Collected data:

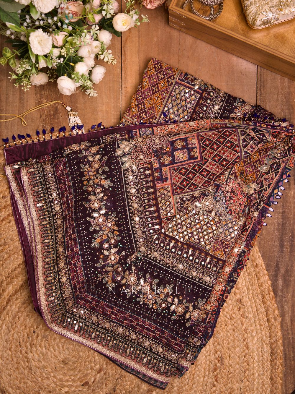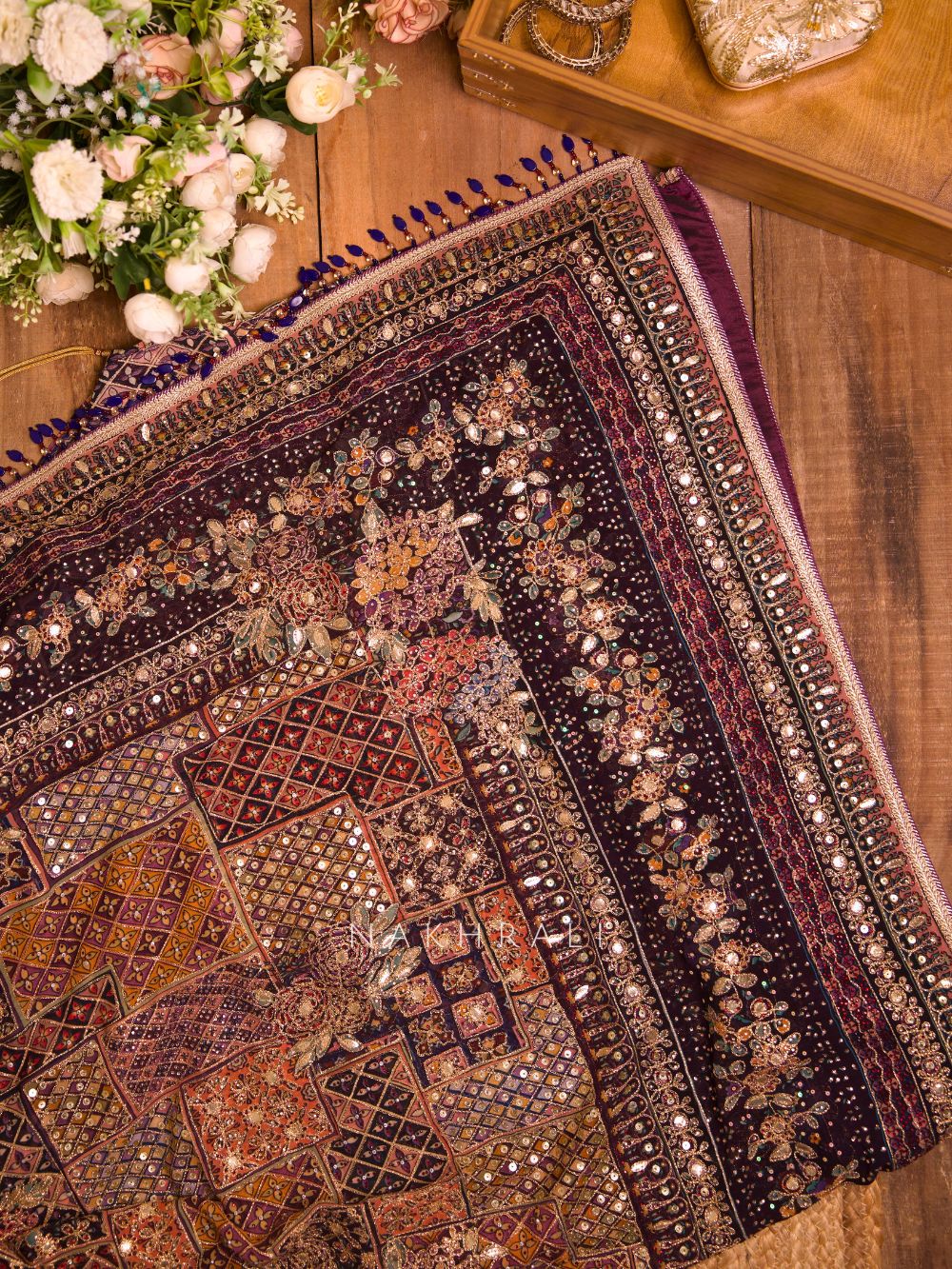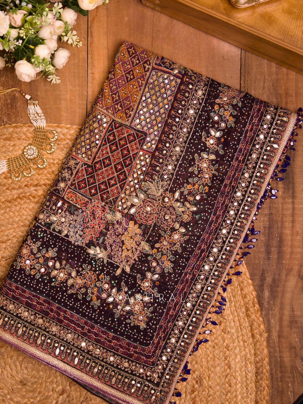Nakkashi Multicolor Bridal Sequin Zari Saree with Ready Blouse
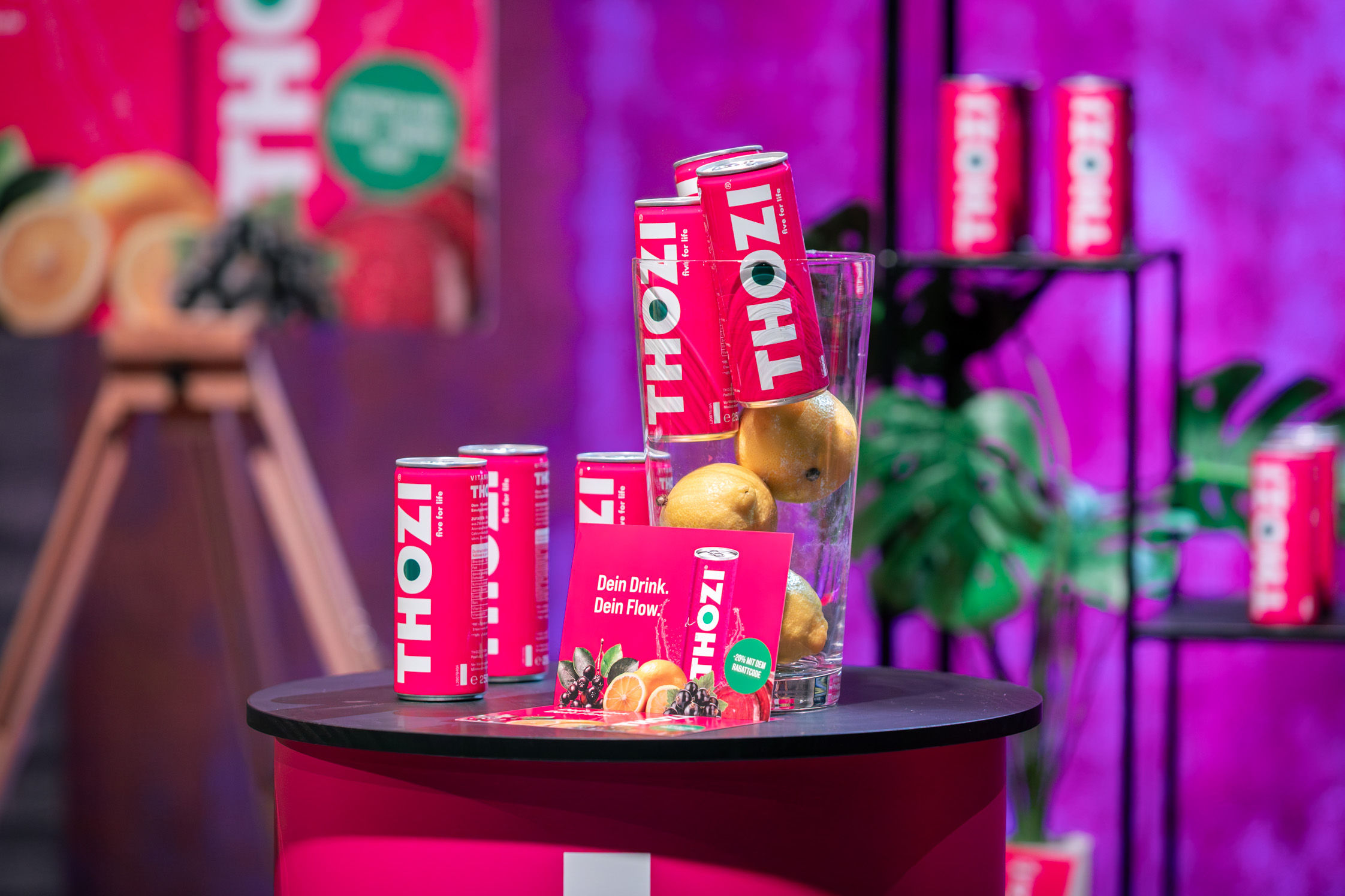 Thozi Getränkedosen mit dem Drink aus Aronia, Johannisbeere und Roter Bete auf dem Präsentationstisch.
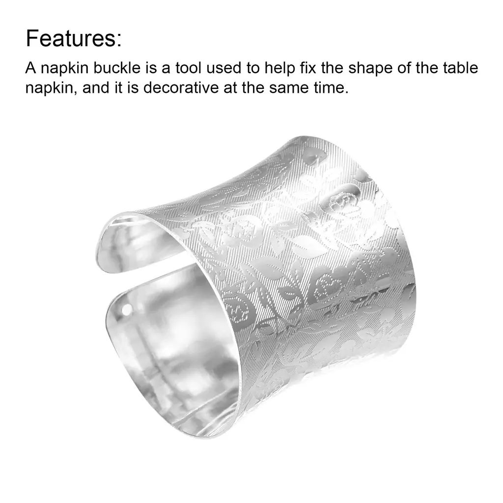 Product Name: Napkin Rings; Material: Alloy; Color: Silver ToneOuter Diameter: 46mm / 1.81"; Inner Diameter: 40mm / 1.57"; Total Height: 40mm / 1.57"; Package Content: 6pcs x Napkin RingsDesign: The napkin ring is made of alloy, good decorative and wear resistance. Decorate a drab napkin to make it look more sophisticated.Features: A napkin buckle is a tool used to help fix the shape of the table napkin, and it is decorative at the same time. It can be used with the napkin, or it can be used alone as a decorative ornament, which can be reused.Application: Napkin ring is widely used in restaurants, reception, parties, cafes, dance parties, and other places, it is a good choice for decorations such as parties, weddings, Easter, Christmas, Thanksgiving, etc.Description:1. Design: The napkin ring is made of alloy, good decorative and wear resistance. Decorate a drab napkin to make it look more sophisticated.2. Features: A napkin buckle is a tool used to help fix the shape of the table napkin, and it is decorative at the same time. It can be used with the napkin, or it can be used alone as a decorative ornament, which can be reused.3. Application: Napkin ring is widely used in restaurants, reception, parties, cafes, dance parties, and other places, it is a good choice for decorations such as parties, weddings, Easter, Christmas, Thanksgiving, etc.Specification:Product Name: Napkin RingsMaterial: AlloyColor: Silver ToneOuter Diameter: 46mm / 1.81"Inner Diameter: 40mm / 1.57"Total Height: 40mm / 1.57"Package Content: 6pcs x Napkin Rings
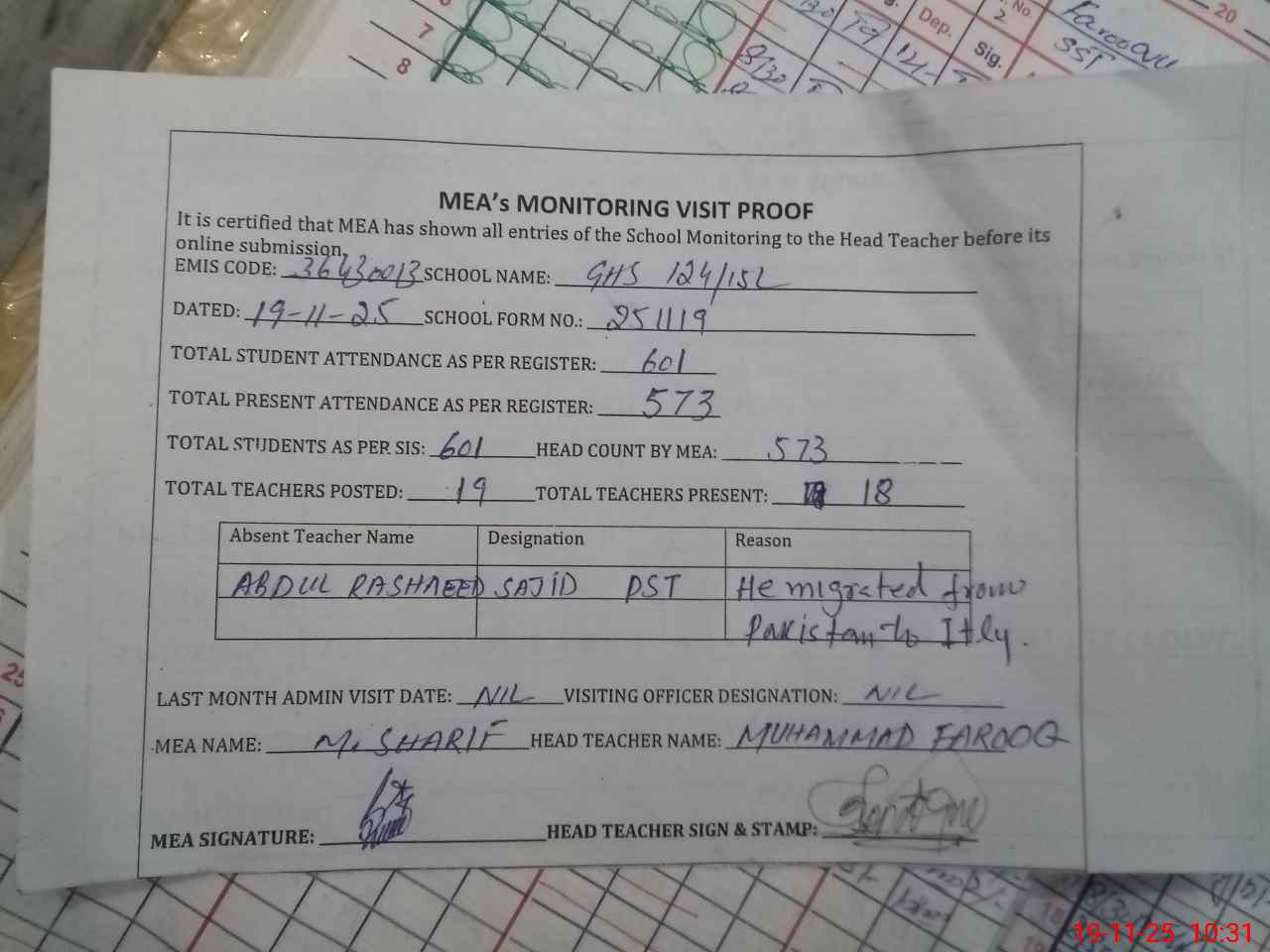 | Remarks (Use Separate Page if Required): Abdul Rasheed Sajid is absent from 22 5 25 He is shifted to abroad Italy He must be removed from service | |||||
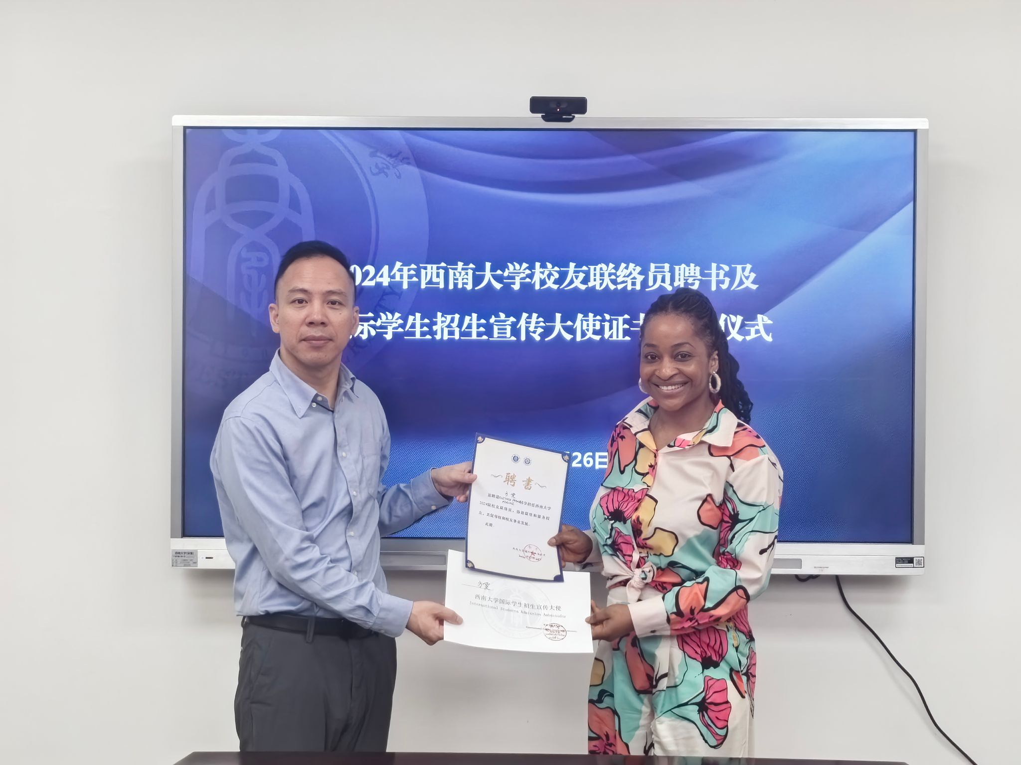 公司党委副书记耿军对全体新受聘的员工工作联络员、国际员工招生宣传大使表示祝贺和感谢。他强调,员工资源是公司的宝贵财富,员工工作联络员是员工与母校、员工与员工间的桥梁和纽带,国际员工宣传大使则是建设“留学西大”品牌的助推者,他对中外员工员工联络员提出了三点希望,一是希望同学们秉承母校的优良传统,谨记校训,做公司精神和办学理念的实践者和传播者;二是要勇于承担职责使命,用自己的实际行动为母校增光添彩;三是凝心聚力、共促发展,讲好西大故事,努力扩大母校的社会影响力。
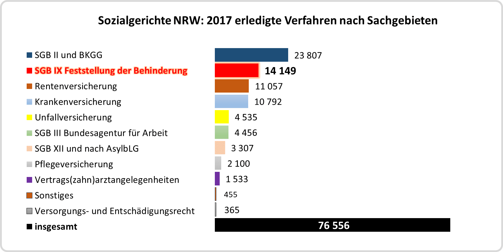 Anderes gilt und galt in Nordrhein-Westfalen. Sowohl 2013 als auch 2017 wies das Sachgebiet „Feststellung der Schwerbehinderung nach dem SGB IX“ – nach „SGB II/BKGG“ – die höchsten Eingangszahlen auf:
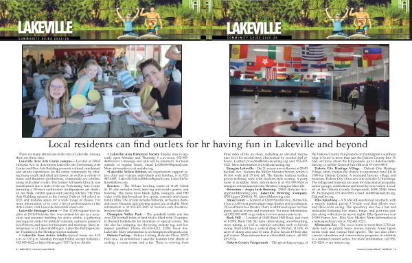 Lakeville Area Arts Center campus— Located at 20965 Holyoke Ave. in downtown Lakeville, the Performing Arts Center and Fine Arts Building promote cultural enrichment and artistic experiences for the entire community by offering many youth and adult art classes, as well as a variety of music and theatrical productions, community art, exhibits, along with other events. The former All Saints Church was transformed into a state-of-the-art Performing Arts Center featuring a 300-seat auditorium, multipurpose art studio, an Art Walk, exhibit spaces and catering kitchen. The Fine Arts Building opened in the former District 194 school in 2023 and features space for a wide range of classes. For more information, or to view a list of performances at the Arts Center, visit LakevilleAreaArtsCenter. com.
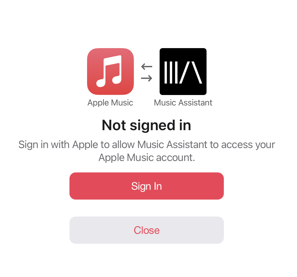 Section titled “Not yet supported”- Library interaction, such as adding and removing items to your Apple Music library from within Music Assistant
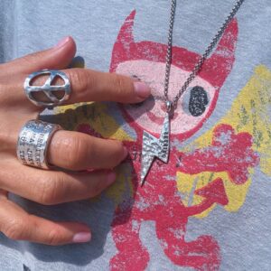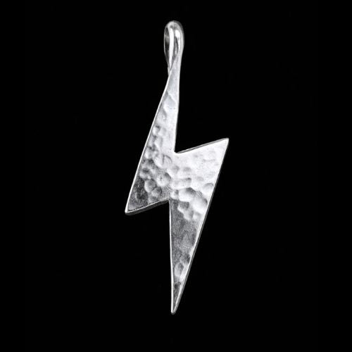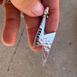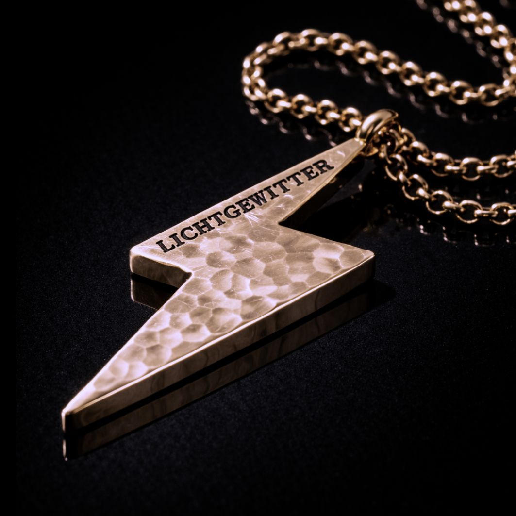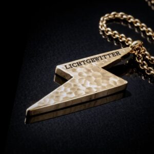Schwerer & massiver Sterling Silber Blitz Anhänger für eine Kette mit Gravur. Der Blitzanhänger wird mit eigener Wunschgravur in der CAPULET Schmuck Werkstatt München von Hand geschmiedet und beschlagen.
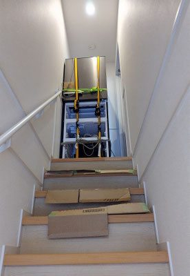 帰り途は⑦の如く2階から降ろして積み込んだ冷蔵庫。引き出し3段は取り外し済。
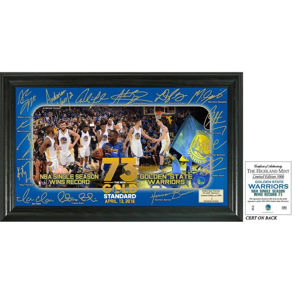This 12in x 20in wood frame with a glass front panel features a 10in x 18in photo of the Warriors celebrating after setting the new NBA single season wins record with 73. The perimeter of the photo features each Warriors players facsimile signature (exact replica). A limited edition of only 5000 each signature gridiron photo is individually hand numbered on the bottom righthand corner. Officially licensed by the NBA a certificate of authenticity also accompanies each collectible frame. Proudly made in the U.S.A. by The Highland Mint!
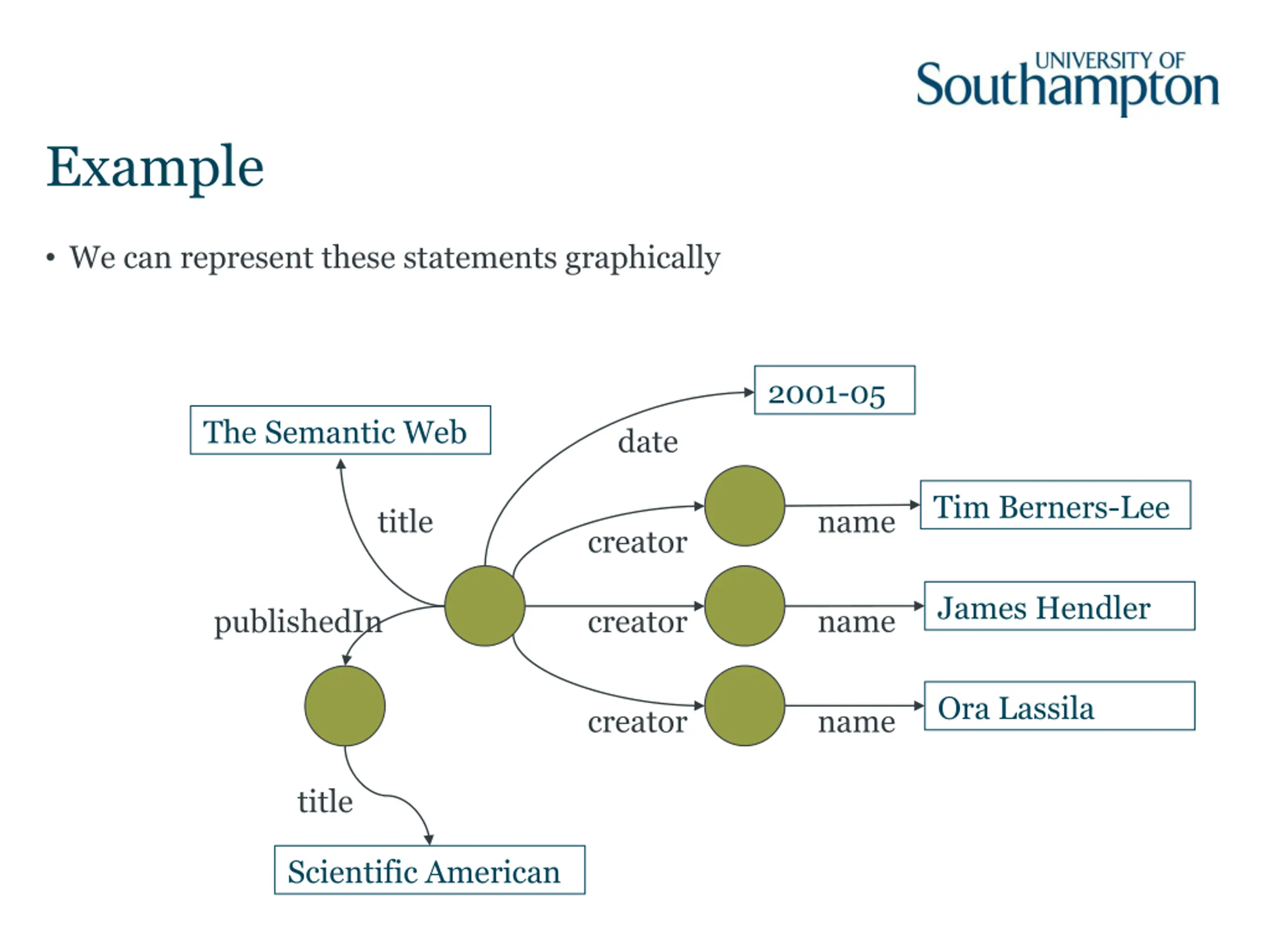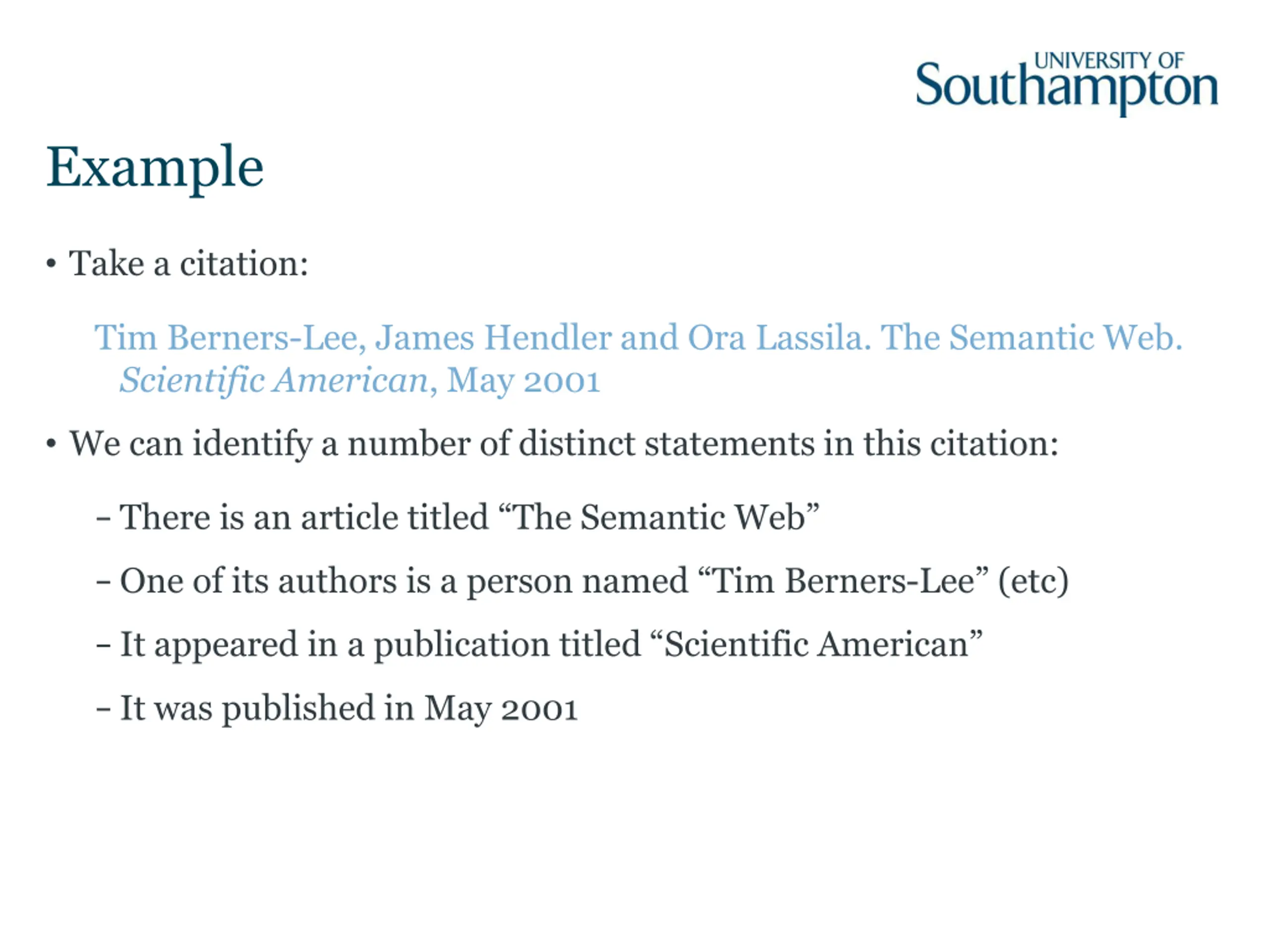 Example Take a citation: Tim Berners-Lee, James Hendler and Ora Lassila. The Semantic Web. Scientific American, May 2001 We can identify a number of distinct statements in this citation: There is an article titled The Semantic Web One of its authors is a person named Tim Berners-Lee (etc) It appeared in a publication titled Scientific American It was published in May 2001

Task: Write back word for word every line in the entries above from the one with "Schwerer & massiver" to the one with "帰り途は⑦の如く2階から降ろして積み込んだ冷蔵庫。引き出し3段は取り外し済。", ends included, and none of the pictures.

Task response:
Schwerer & massiver Sterling Silber Blitz Anhänger für eine Kette mit Gravur. Der Blitzanhänger wird mit eigener Wunschgravur in der CAPULET Schmuck Werkstatt München von Hand geschmiedet und beschlagen.
 帰り途は⑦の如く2階から降ろして積み込んだ冷蔵庫。引き出し3段は取り外し済。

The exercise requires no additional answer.